Indian taxes are not so much administered by laws as by the rules these officers take it upon themselves to write when the political masters have completed drafting the broad strokes.
In 2006, the Indian Parliament wrote an act to promote special economic zones. That act is still on the books but investments in the zones have dried up. That’s because, over the years, the revenue department has written in clauses often as rules in other acts that defeat most of the benefits to investors promised in the SEZ act.

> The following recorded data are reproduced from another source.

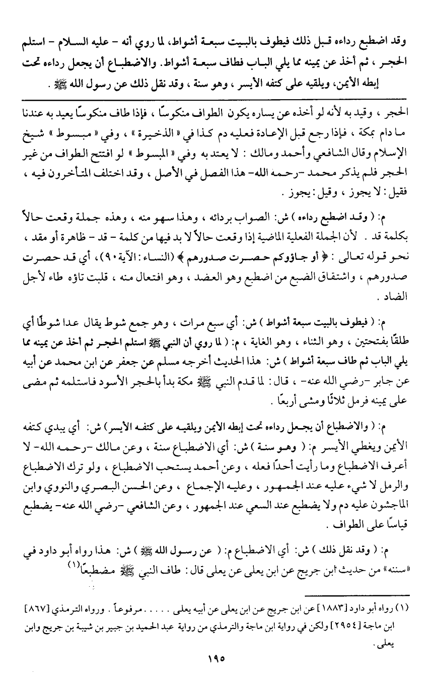 م: (وقد اضطبع رداءه) ش: الصواب بردائه، وهذا سهو منه، وهذه جملة وقعت حالاً بكلمة قد. لأن الجملة الفعلية الماضية إذا وقعت حالا لا بد فيها من كلمة - قد - ظاهرة أو مقد، نحو قَوْله تَعَالَى: {أَوْ جَاءُوكُمْ حَصِرَتْ صُدُورُهُمْ} [النساء: 90] [النساء: الآية 90] ، أي قد حصرت صدورهم، واشتقاق الضبع من اضطبع وهو العضد، وهو افتعال منه، قلبت تاؤه طاء لأجل الضاد.
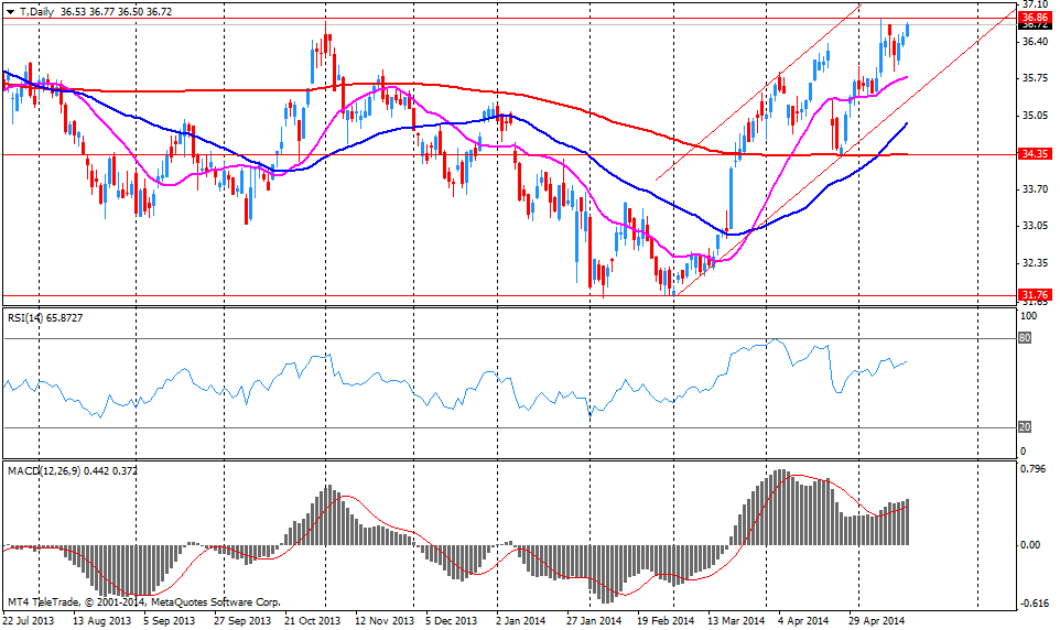 Акции T на премаркете торгуются по $35.85 (-2.42%).
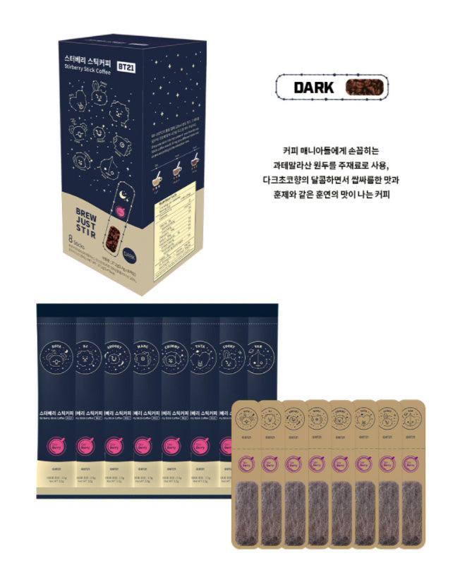 BT21 Stir Berry Stick Coffee Mild Dark Flavor Tea Drink Instant Hand Drip Americano
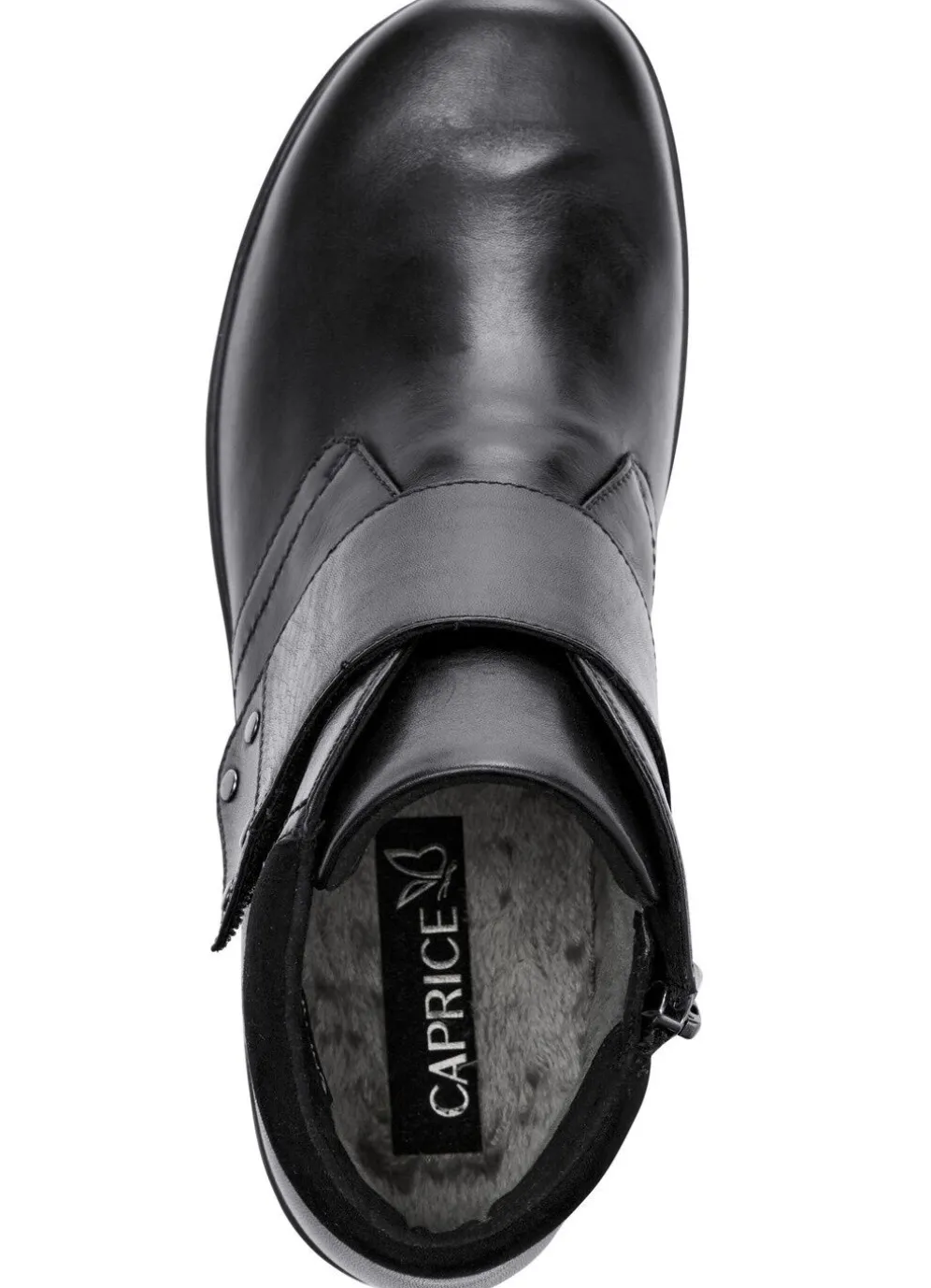 Wetterfeste Boots von ELENA EDEN aus Rind-Nappaleder mit Nubukbesatz: Weite H, mit Klimamembrane ausgestattet, seitlicher Reißverschluss und nietenbesetzte, verstellbare Klettspange mit verdecktem Gummizug, Textilfutter, gepolsterte Decksohle, leichte TPR-Profilsohle sowie 20 mm Keilabsatz
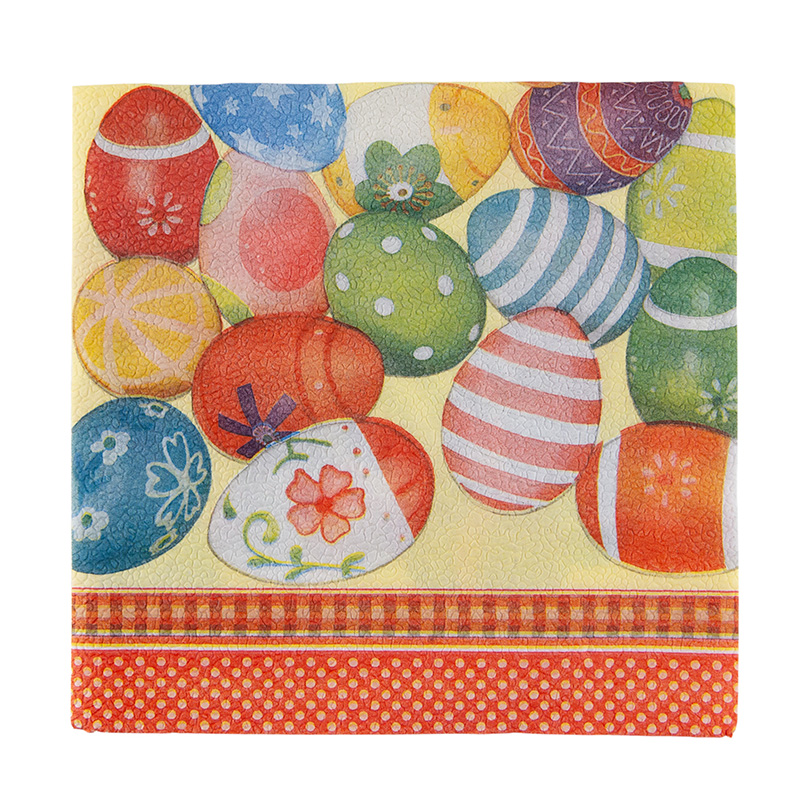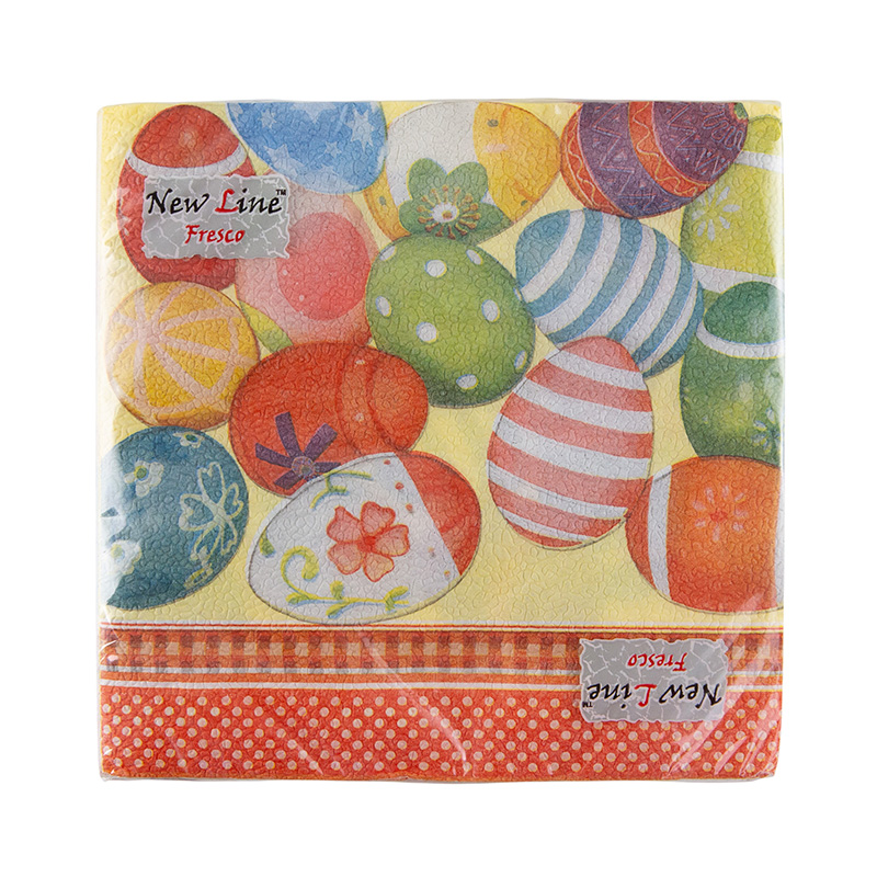 Салфетки New line 33*33 "Пасха Яйца кант" прекрасно подойдут для украшения стола и добавят ярких красок в праздник! Дизайн добавит нотку веселья и радости, создавая атмосферу светлого праздника.
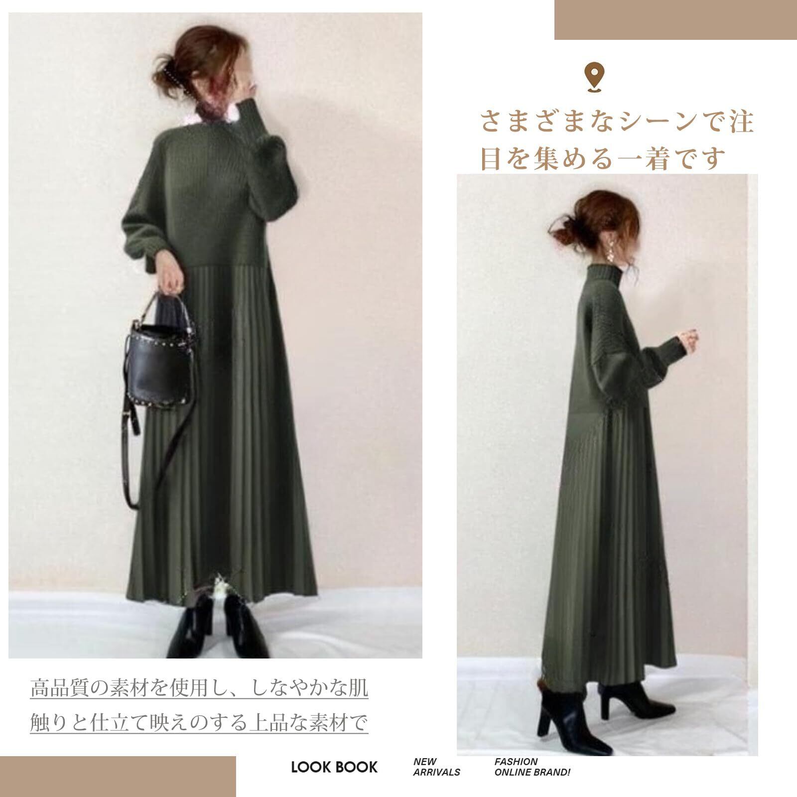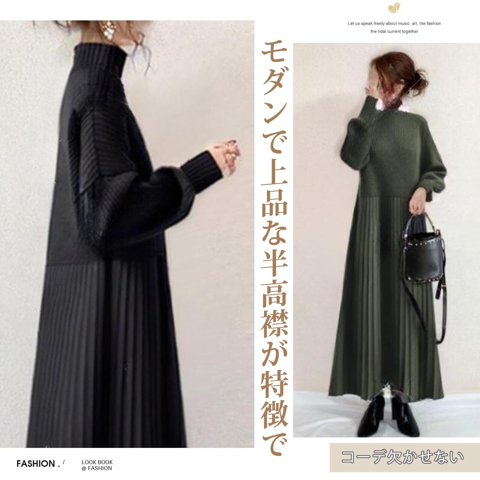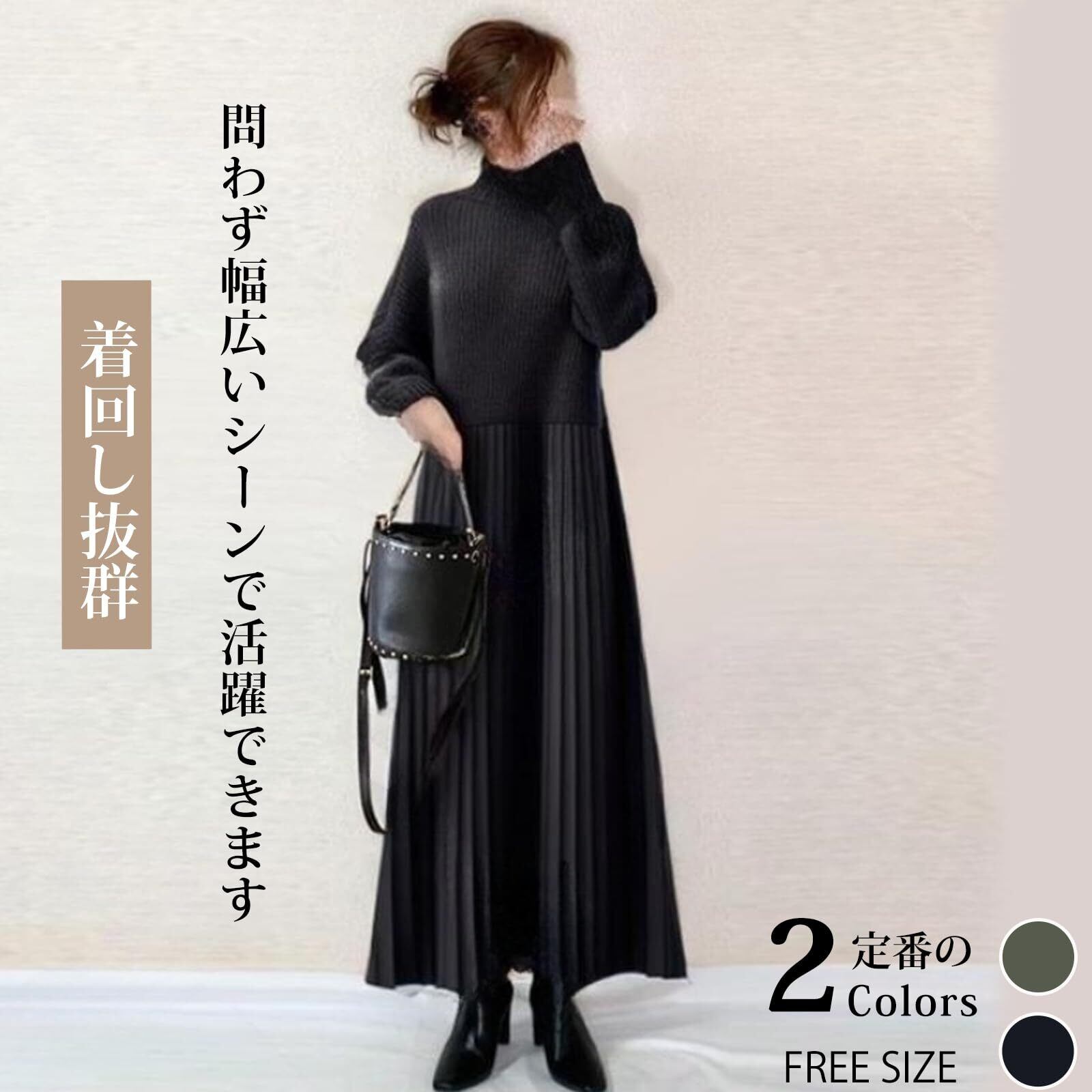 [NONELECEDOLE] ワンピース レディース ロングワンピース プリーツワンピース ニットワンピース ハイネック 切り替え 無地 フリル 長袖 体型カバー 可愛い おしゃれ 快適 お出かけ 通勤 レトロ 春 秋 冬
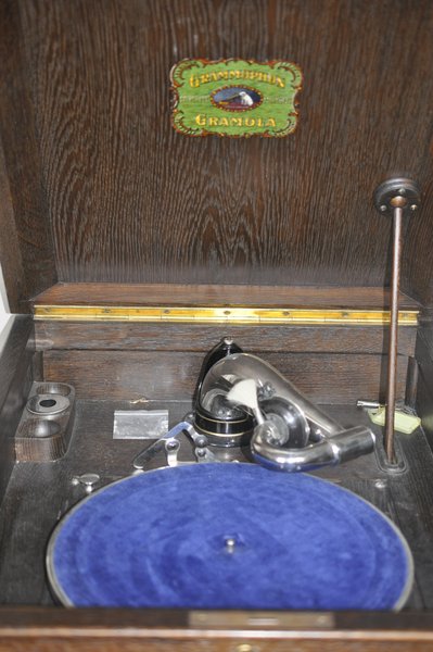Musikschrank: Voll funktionstüchtiges Grammophon "GRAMOLA", hier eingebaut in einen mit Durchbruchschnitzerei verzierten Eichenholz-Grammophonschrank mit Aufstelldeckel am Teleskopstab. Eine große Auswahl an Schellackplatten und neuwertige Grammophonnadeln sind vorhanden. Der Musikschrank ist in einem Top Zustand, selbst der Schlüssel zum Schrank ist vorhanden. ** Verfügbarkeit: 1 in dieser Ausführung; weitere Grammophone. Ausleihgebühr bis zu 3 Monaten: 150 Euro.
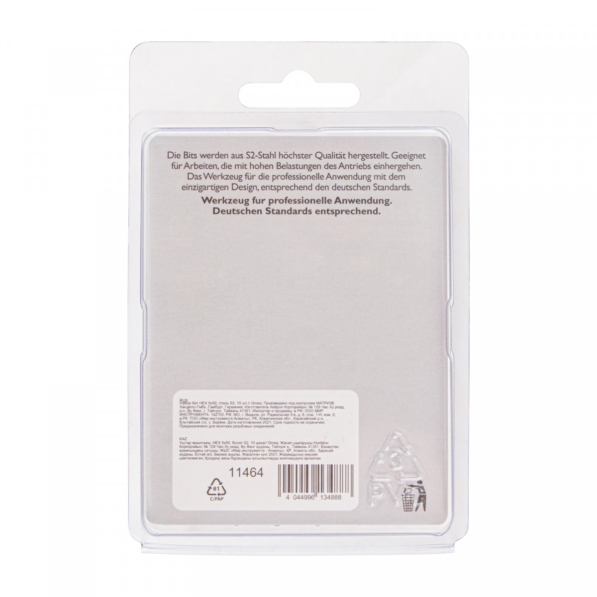 Набор бит Gross 11464 состоит из 10 сменных насадок HEX 5 х 50 мм с шестигранным хвостовиком 1/4 дюйма, изготовленных из стали S2, которые используются в качестве оснастки на шуруповертах. Биты типоразмера HEX5 предназначены для монтажа и демонтажа мебельных и велосипедных евровинтов. Шестигранный шлиц обеспечивает большую площадь соприкосновения с крепежом, что позволяет увеличить крутящий момент без риска повреждения биты.
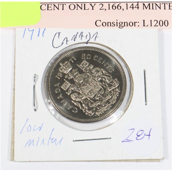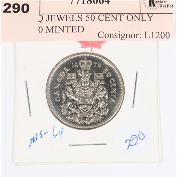 PART OF GOV'T RECALL 2020 NO LONGER CIRCULATING COINAGE. 1978 50 cent piece only 3,341,892 Minted many now turned into Gov't of Canada f...
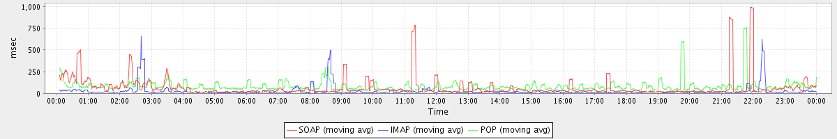 Host zm02.stanford.edu: Mailboxd: Response Time by Client Protocol
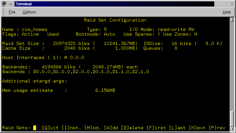 The next set of lines provide a summary of the Raid Sets configured on the RaidRunner. The summary includes the raid set name, it's type, it's size, the amount of cache allocated to it and a comma separated list of it's backends. See rconf in the "Advanced Topics" section for a full description of the above.

In contrast, there’s the Benami Transactions (prohibition) bill that has been introduced in the Lok Sabha in May this year. The bill had to be brought in primarily because since 1988 the older act sat like a dummy without the rules being framed. Unless prodded vigorously this act too could go the way of the former. So while the SEZ act that promised investment sops galore turned sterile by rules, the act to extend the Executive’s powers to curb black money became a dead letter through the same means. This is what concerns the CEOs. The commitment made by the political executive in India is often nullified by the rule-making powers of the bureaucracy. While these rules are supposed to operate only under the umbrella of the act, they have often gone beyond, thwarting the very causes espoused by the economic legislation. For instance Thursday’s release was undoing a plan to levy minimum alternate tax (MAT) on all companies that did business in India irrespective of their country of origin. Those plans had killed promises made by a succession of finance ministers of a predictable and a reasonably low tax rate regime. As the Partha Shome Committee has pointed out, it should be made mandatory from now on for the tax department to spell out through press releases the reasons why they have made changes in rules when they make them. That will go a long way towards checking the capriciousness of the bureaucracy and to make international investors commit funds to India. It is an announcement that will help the Prime Minister in his meetings abroad.